With its recent ratings actions, S&P took the NMFA off of its watch list for a possible downgrade, while retaining the long-term negative outlook.
“The negative outlook reflects Standard & Poor’s concern that the authority’s potential lack of oversight and internal controls could result in a deterioration of credit quality,” analyst James Breeding wrote. “While it does not appear that funds related to the public project revenue fund bonds are affected, should a restatement of the fiscal 2011 audit show a considerable change to loan-payment receipts or reserve levels available to cure defaults or delinquencies, we could lower the ratings accordingly.”
With this issue, the Transportation Commission will refund all of its prior-lien or “closed-lien” bonds for debt service savings. The prior-lien bonds were issued before 2004 and secured only by state highway revenues. Bonds issued after that are secured by state and federal revenues on a senior- and subordinate lien basis.
Following this deal, the state will have about $970 million in parity senior-lien transportation revenue bonds, including the current offering, and $640 million of subordinate-lien transportation revenue bonds outstanding.

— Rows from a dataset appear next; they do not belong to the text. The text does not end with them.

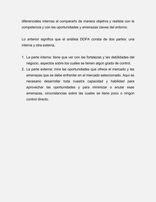 El análisis DOFA surgió de investigaciones en la década de 1960 para descubrir por qué fallaba la planificación corporativa. Consiste en examinar las Debilidades, Oportunidades, Fortalezas y Amenazas internas y externas de un negocio. Se utiliza para la planificación estratégica y el desarrollo de productos, y puede aplicarse a diferentes niveles y unidades de una organización.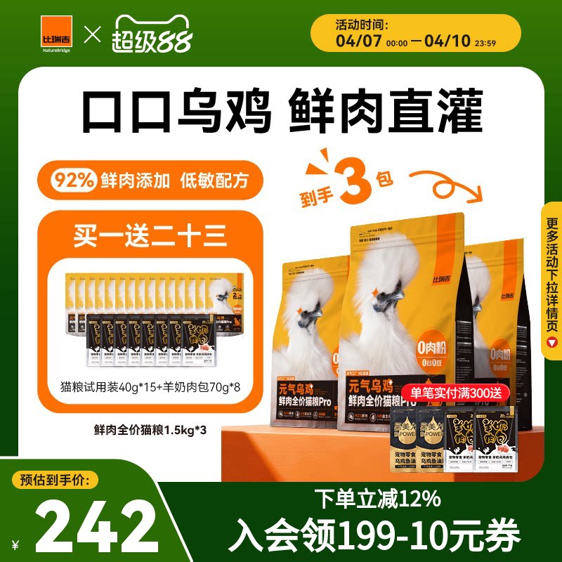 【囤货4.5KG装】比瑞吉元气乌鸡猫粮全价主食高营养美毛官方正品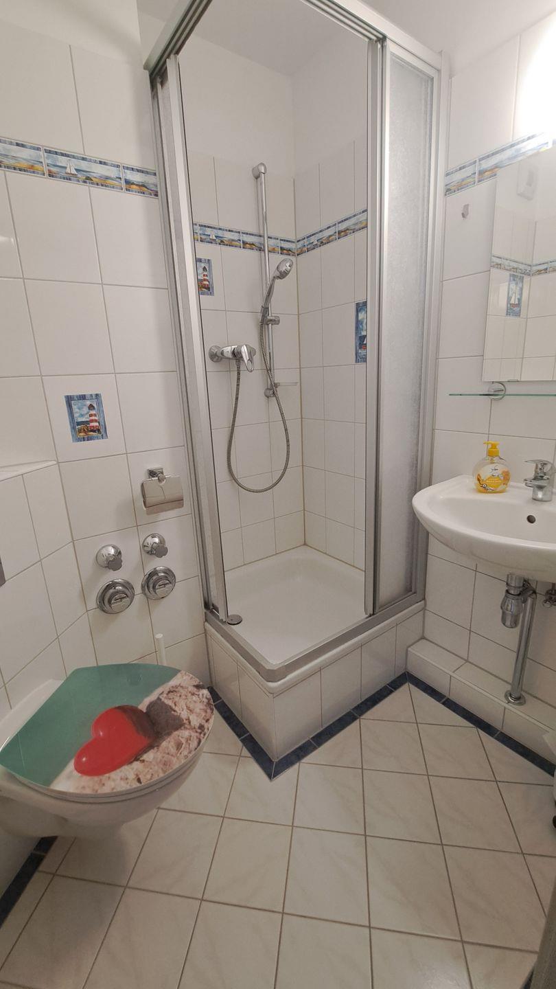 Bad: Duschkabine, Fön, Putzutensilien, Bügelbrett, Wäscheständer, Bügeleisen, Staubsauger.

For the transportation bonds, S&P’s AAA rating represents an upgrade from the previous AA-plus, a boost the commission quickly embraced.
“The commission is committed to capturing any interest-rate savings to increase system maintenance funds for New Mexico roads,” commission chairman Pete Rahn said in a prepared statement. “We are particularly pleased with the AAA rating upgrade on our senior-lien debt by S&P, which reflects not only our strong debt covenants but the intense management of the department finances.”

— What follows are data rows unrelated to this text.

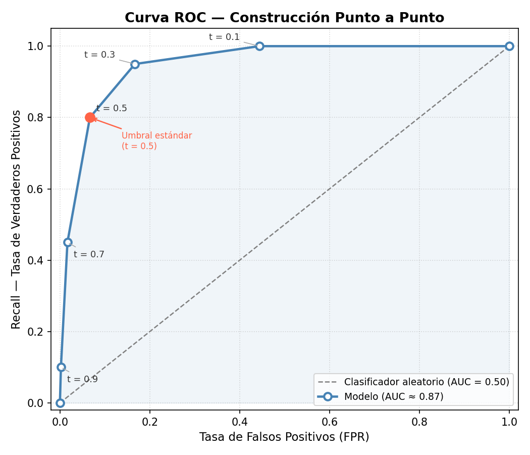 - Eje X: Umbral \(t\) (de 0 a 1)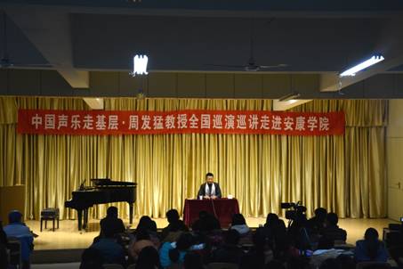 2014年12月9日14:30分,中国海政文工团男高音歌唱家周发猛“中国声乐走基层全国巡演巡讲”在澳门信誉江北校区演艺厅举行。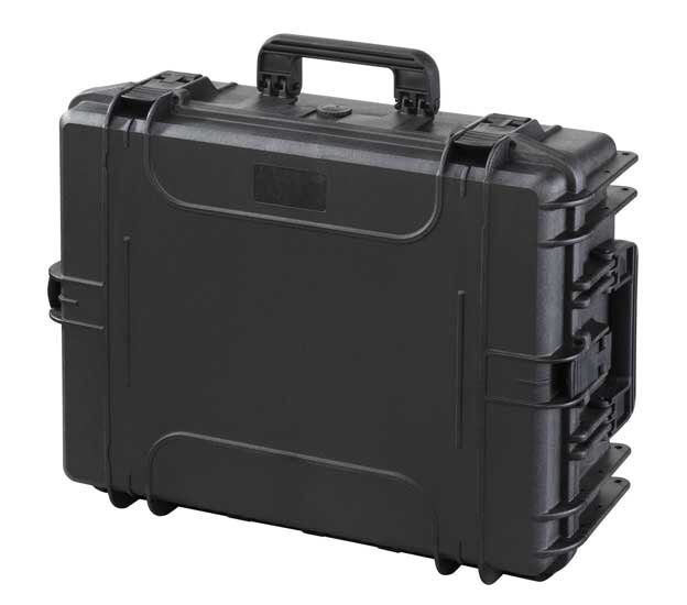 MAX Plastový kufr, 594x473xH 215mm, IP 67, barva černá- vnitřní rozměr 538 x 405 x H 190 mm- odolný proti nepříznivým vlivům (odolný vůči vodě, prachu, proti nárazu) - IP 67 - příklad užití: rybaření, potápění, fotografování, lov a další- vodotěsné těsnění kolem víka- ventil pro automatické uvolnění tlaku- snadno oteviratelné dvojité západky- pogumovaná rukojeť testovaná na zátěž- otvory pro ramenní popruh- množství upevňovacích bodů, úchytek po celé délce - pevný a silný materiál- součástí je čtvercovaná pěna ve spodní části pro individuální úpravu dle vloženého předmětu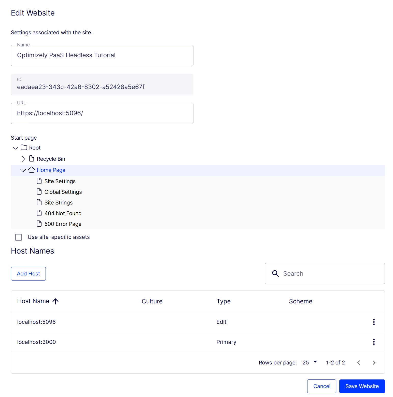 },Finally, go to "Manage Websites" and define hosts for both the CMS and the frontend apps. Set this up correctly or the CMS won't be able to display previews from a different host.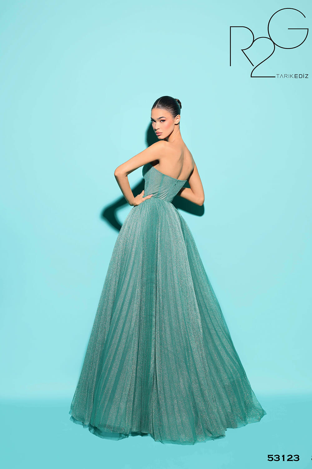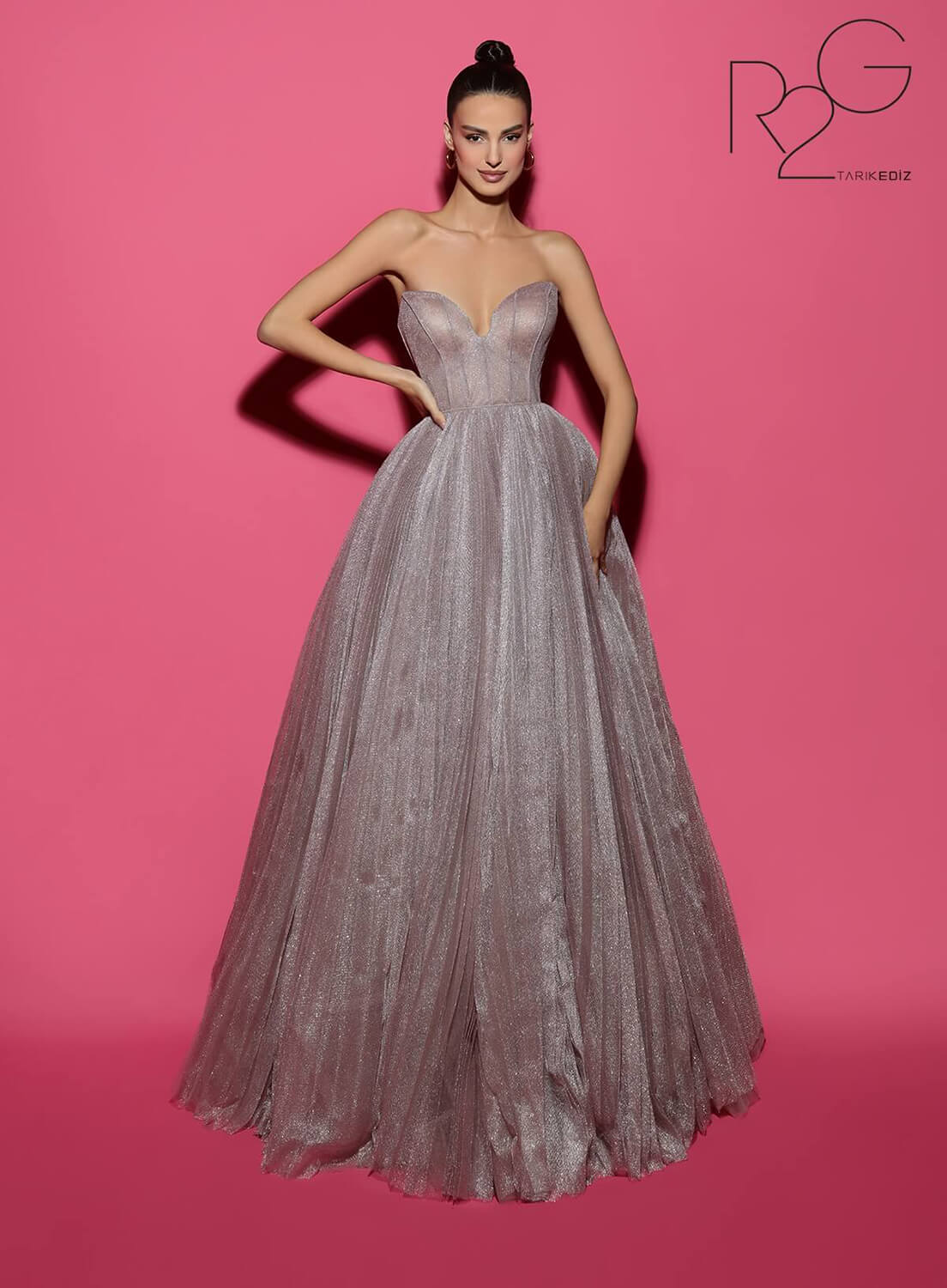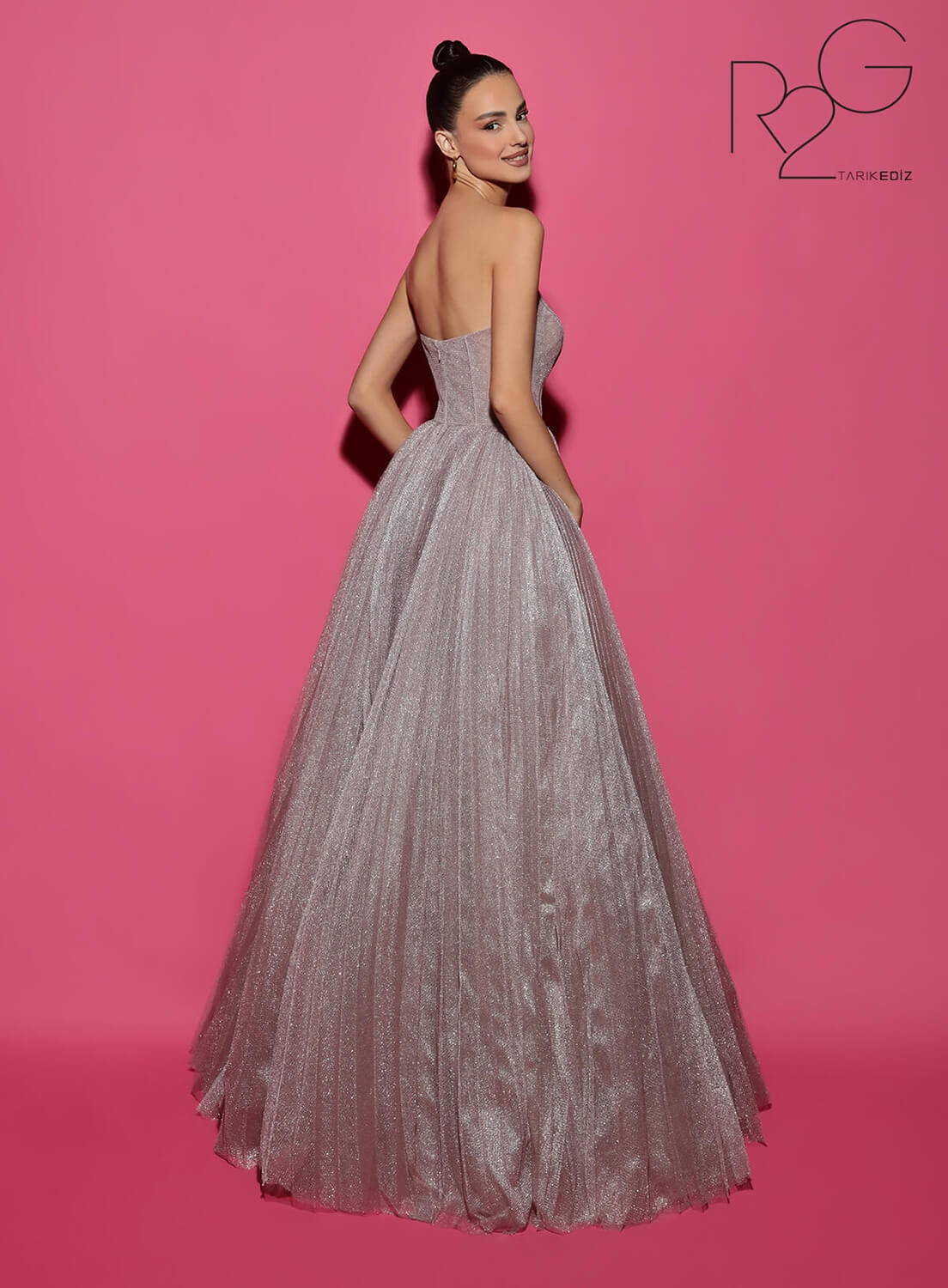 Tarik Ediz Style 53123 invites you to embrace regal glamour with its glitter tulle fabric, V-neck neckline, ball gown silhouette, pleating, corset details, zipper back, and strapless design. Make a grand entrance at evening events or prom with this enchanting and unforgettable masterpiece.

Based on New Mexico Department of Transportation projections, fiscal 2013 will see a 10.2% drop in total revenue due to a 22.9% decline in federal revenues, and a 3.6% increase in state revenue, according to S&P. That should put revenues at 2.16 times maximum annual debt service.
The department has swaps with a notional amount of $220 million with JPMorgan Chase Bank, two swaps with UBS with a notional amount of $220 million, a $100 million notional swap with RBC, and two swaps each with a notional amount of $50 million with Goldman Sachs Mitsui Marine Derivative Products.

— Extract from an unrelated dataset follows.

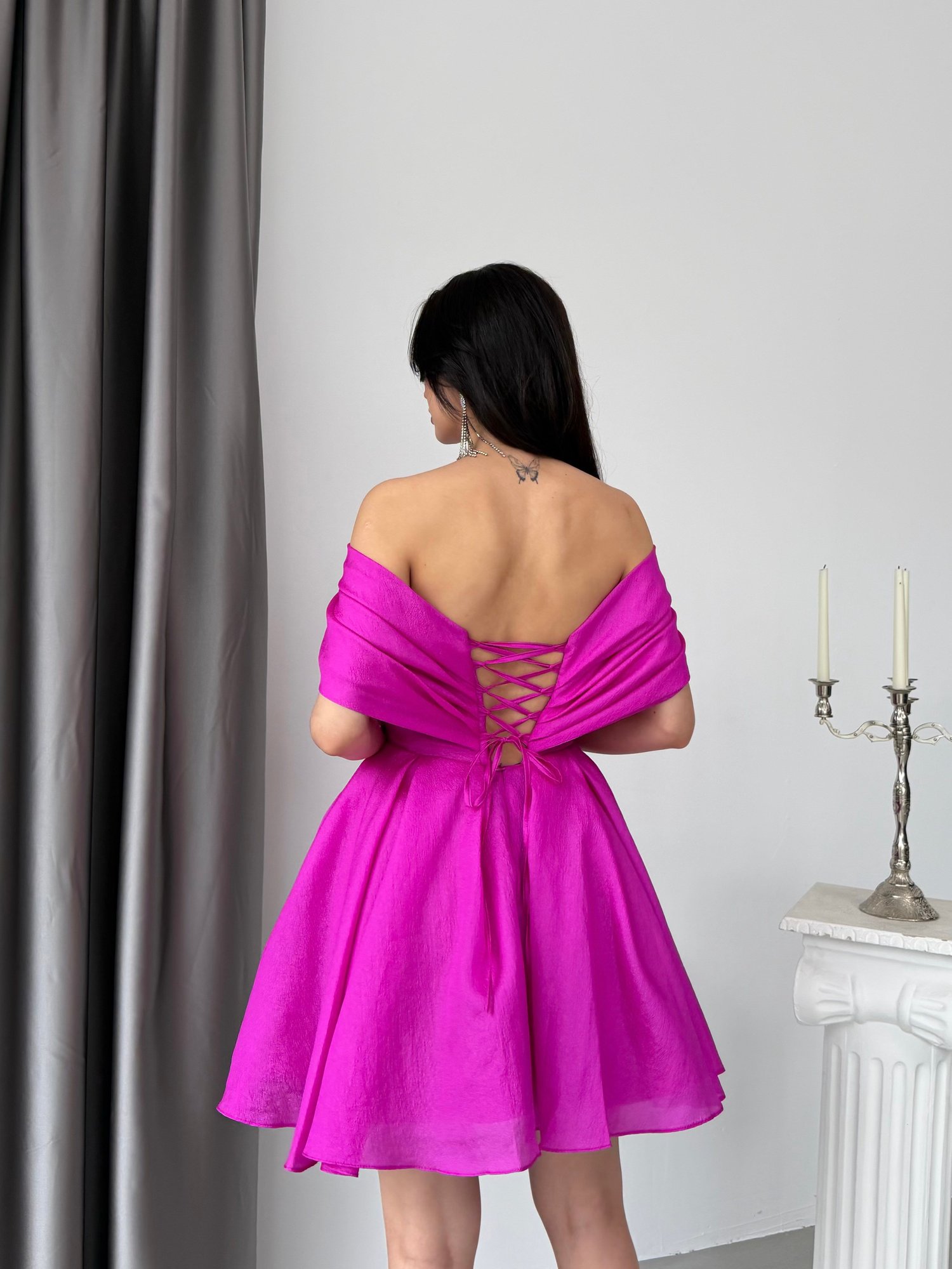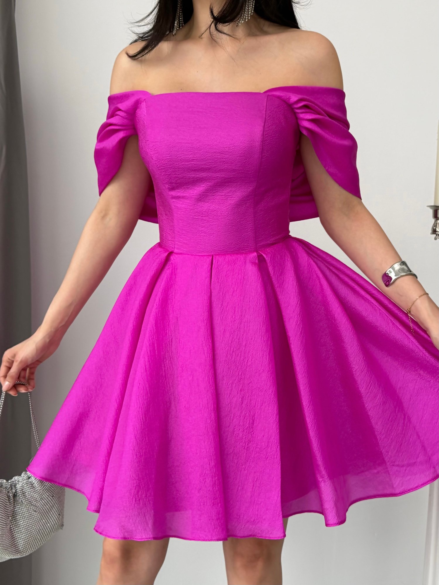 Fuşya Eteği Pileli Sırt Detaylı Abiye Elbise
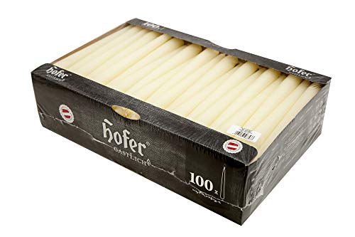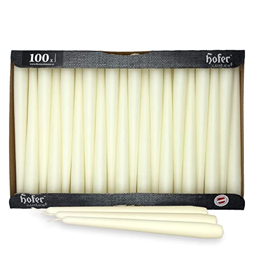 Hofer Candele per Candelabri - 23 x 250 mm - Colore Avorio - Set di 100 Candele Coniche Lunghe - Lunga Durata di 7 Ore - Non Profumate - Qualità RAL

As of Oct. 18, the combined swap termination cost for all of its swaps was $137.1 million, and under the agreements NMDOT was required to post collateral of $34.6 million. The department has arranged a $50 million line of credit with Bank of America, in addition to the availability of about $8 million in other available funds from its own cash resources, to help manage potential liquidity needs associated with future collateral posting requirements.
Meanwhile, the NMFA is hoping to get back into the market with bonds for local governments after the audit mess is cleaned up.
“I do feel optimistic,” interim chief executive John Gasparich told Capitol Report New Mexico last week. “I do think that this is all going to work out well. I suppose it’s possible I could be proven wrong, but I do feel optimistic.”